THE TASK
Skip the pictures. Transcribe the rest of the data below without changing a word.

THE RECORDS

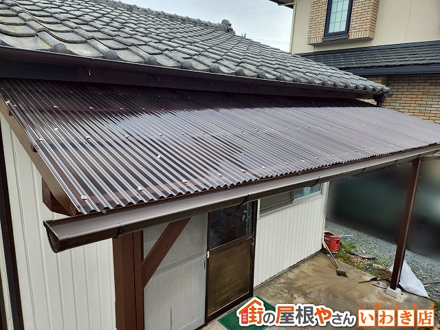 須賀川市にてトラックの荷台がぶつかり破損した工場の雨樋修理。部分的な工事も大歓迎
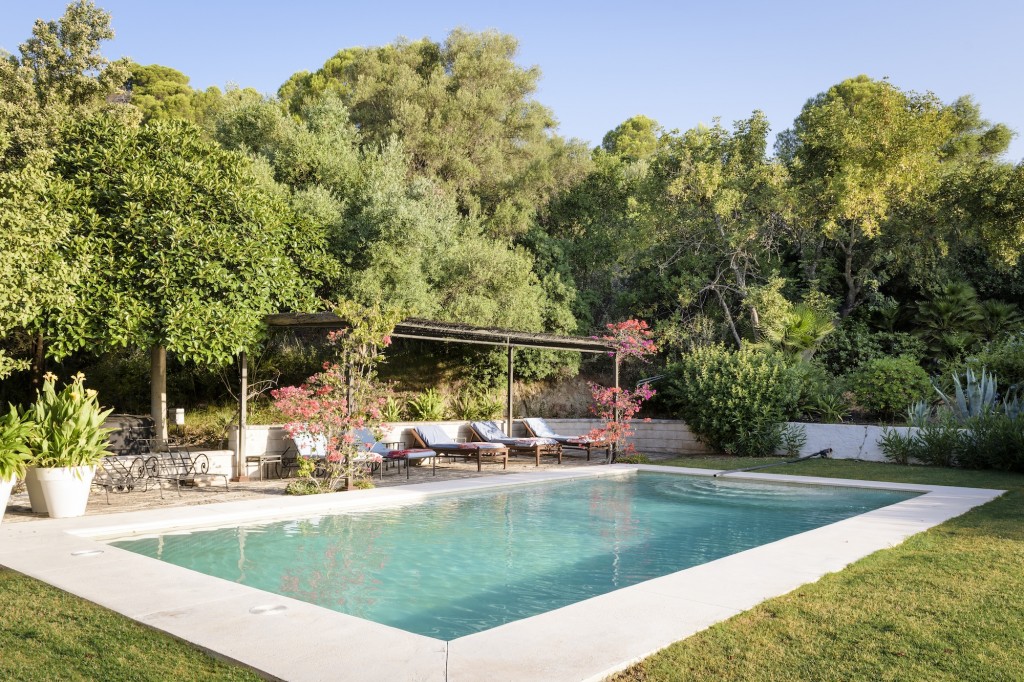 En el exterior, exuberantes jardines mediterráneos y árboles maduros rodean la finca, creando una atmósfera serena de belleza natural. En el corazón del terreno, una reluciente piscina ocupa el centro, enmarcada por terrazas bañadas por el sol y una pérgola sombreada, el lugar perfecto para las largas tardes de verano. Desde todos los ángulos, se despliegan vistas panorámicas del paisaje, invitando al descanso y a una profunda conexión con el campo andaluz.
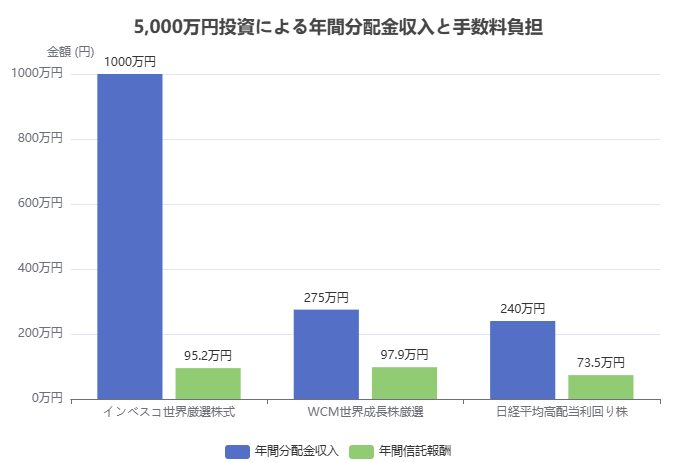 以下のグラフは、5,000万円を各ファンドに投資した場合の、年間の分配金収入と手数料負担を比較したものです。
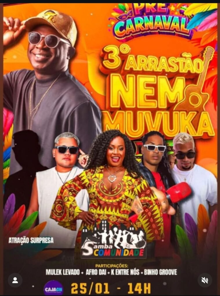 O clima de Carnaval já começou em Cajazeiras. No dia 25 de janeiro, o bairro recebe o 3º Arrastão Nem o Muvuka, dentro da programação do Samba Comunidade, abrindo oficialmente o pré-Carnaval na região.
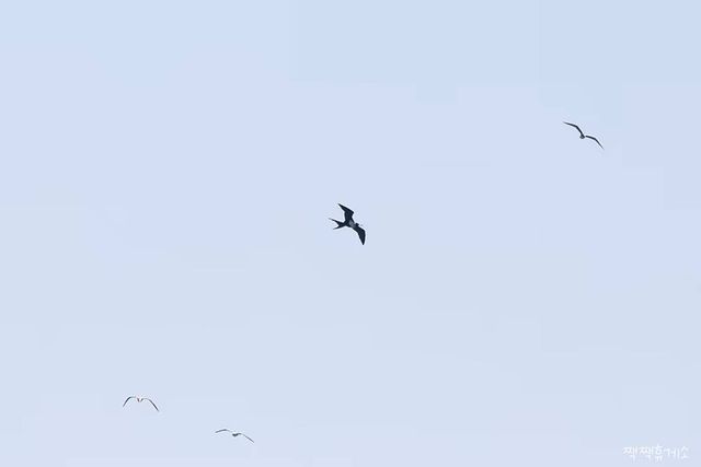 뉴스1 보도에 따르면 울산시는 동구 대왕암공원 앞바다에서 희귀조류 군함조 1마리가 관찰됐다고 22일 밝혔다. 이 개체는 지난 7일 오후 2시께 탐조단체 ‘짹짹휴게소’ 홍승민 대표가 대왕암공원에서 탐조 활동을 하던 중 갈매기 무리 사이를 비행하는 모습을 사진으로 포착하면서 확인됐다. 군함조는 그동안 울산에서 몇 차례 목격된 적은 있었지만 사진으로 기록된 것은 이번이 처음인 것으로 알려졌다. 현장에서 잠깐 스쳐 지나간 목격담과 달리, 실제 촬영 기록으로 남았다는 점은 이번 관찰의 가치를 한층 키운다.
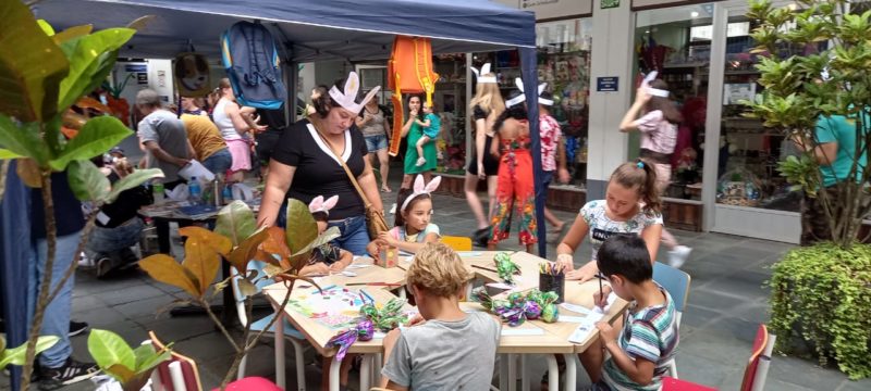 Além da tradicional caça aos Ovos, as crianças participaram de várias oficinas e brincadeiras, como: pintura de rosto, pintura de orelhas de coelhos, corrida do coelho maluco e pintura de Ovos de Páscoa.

RESPONSE
 須賀川市にてトラックの荷台がぶつかり破損した工場の雨樋修理。部分的な工事も大歓迎
 En el exterior, exuberantes jardines mediterráneos y árboles maduros rodean la finca, creando una atmósfera serena de belleza natural. En el corazón del terreno, una reluciente piscina ocupa el centro, enmarcada por terrazas bañadas por el sol y una pérgola sombreada, el lugar perfecto para las largas tardes de verano. Desde todos los ángulos, se despliegan vistas panorámicas del paisaje, invitando al descanso y a una profunda conexión con el campo andaluz.
 以下のグラフは、5,000万円を各ファンドに投資した場合の、年間の分配金収入と手数料負担を比較したものです。
 O clima de Carnaval já começou em Cajazeiras. No dia 25 de janeiro, o bairro recebe o 3º Arrastão Nem o Muvuka, dentro da programação do Samba Comunidade, abrindo oficialmente o pré-Carnaval na região.
 뉴스1 보도에 따르면 울산시는 동구 대왕암공원 앞바다에서 희귀조류 군함조 1마리가 관찰됐다고 22일 밝혔다. 이 개체는 지난 7일 오후 2시께 탐조단체 ‘짹짹휴게소’ 홍승민 대표가 대왕암공원에서 탐조 활동을 하던 중 갈매기 무리 사이를 비행하는 모습을 사진으로 포착하면서 확인됐다. 군함조는 그동안 울산에서 몇 차례 목격된 적은 있었지만 사진으로 기록된 것은 이번이 처음인 것으로 알려졌다. 현장에서 잠깐 스쳐 지나간 목격담과 달리, 실제 촬영 기록으로 남았다는 점은 이번 관찰의 가치를 한층 키운다.
 Além da tradicional caça aos Ovos, as crianças participaram de várias oficinas e brincadeiras, como: pintura de rosto, pintura de orelhas de coelhos, corrida do coelho maluco e pintura de Ovos de Páscoa.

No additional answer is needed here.